DIRECTIONS: Reproduce word for word the lines between those holding "ERGONOMISCHES DESIGN: Verstellbares" and "設備型號:HC-2513視覺定位UV打印機", inclusive, and nothing else from the data below.

**** DATA SHOWN

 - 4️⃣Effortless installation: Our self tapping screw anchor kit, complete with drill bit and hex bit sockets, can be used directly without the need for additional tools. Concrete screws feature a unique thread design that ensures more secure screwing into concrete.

********
**** DATA SHOWN

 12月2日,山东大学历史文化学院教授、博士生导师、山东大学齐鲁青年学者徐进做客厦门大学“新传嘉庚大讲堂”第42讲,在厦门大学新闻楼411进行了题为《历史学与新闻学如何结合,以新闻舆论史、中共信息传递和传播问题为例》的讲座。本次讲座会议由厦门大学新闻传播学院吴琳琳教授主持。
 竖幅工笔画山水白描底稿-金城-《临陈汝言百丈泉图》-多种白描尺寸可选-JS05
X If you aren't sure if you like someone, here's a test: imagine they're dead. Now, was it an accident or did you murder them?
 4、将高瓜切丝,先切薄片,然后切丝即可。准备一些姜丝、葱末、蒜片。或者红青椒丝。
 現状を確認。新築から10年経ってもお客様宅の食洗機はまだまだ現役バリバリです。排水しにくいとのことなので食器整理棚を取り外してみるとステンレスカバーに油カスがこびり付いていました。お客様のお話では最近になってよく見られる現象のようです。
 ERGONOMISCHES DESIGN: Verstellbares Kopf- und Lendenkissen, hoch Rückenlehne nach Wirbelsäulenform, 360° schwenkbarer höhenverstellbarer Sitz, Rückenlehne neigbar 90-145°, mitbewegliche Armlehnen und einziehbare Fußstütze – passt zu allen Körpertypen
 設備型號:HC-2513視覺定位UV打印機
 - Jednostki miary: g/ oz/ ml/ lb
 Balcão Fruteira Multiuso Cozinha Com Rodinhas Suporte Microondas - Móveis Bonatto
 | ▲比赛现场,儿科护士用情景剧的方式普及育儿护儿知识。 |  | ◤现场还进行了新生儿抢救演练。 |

********

RESPONSE FOR THIS EXERCISE:
 ERGONOMISCHES DESIGN: Verstellbares Kopf- und Lendenkissen, hoch Rückenlehne nach Wirbelsäulenform, 360° schwenkbarer höhenverstellbarer Sitz, Rückenlehne neigbar 90-145°, mitbewegliche Armlehnen und einziehbare Fußstütze – passt zu allen Körpertypen
 設備型號:HC-2513視覺定位UV打印機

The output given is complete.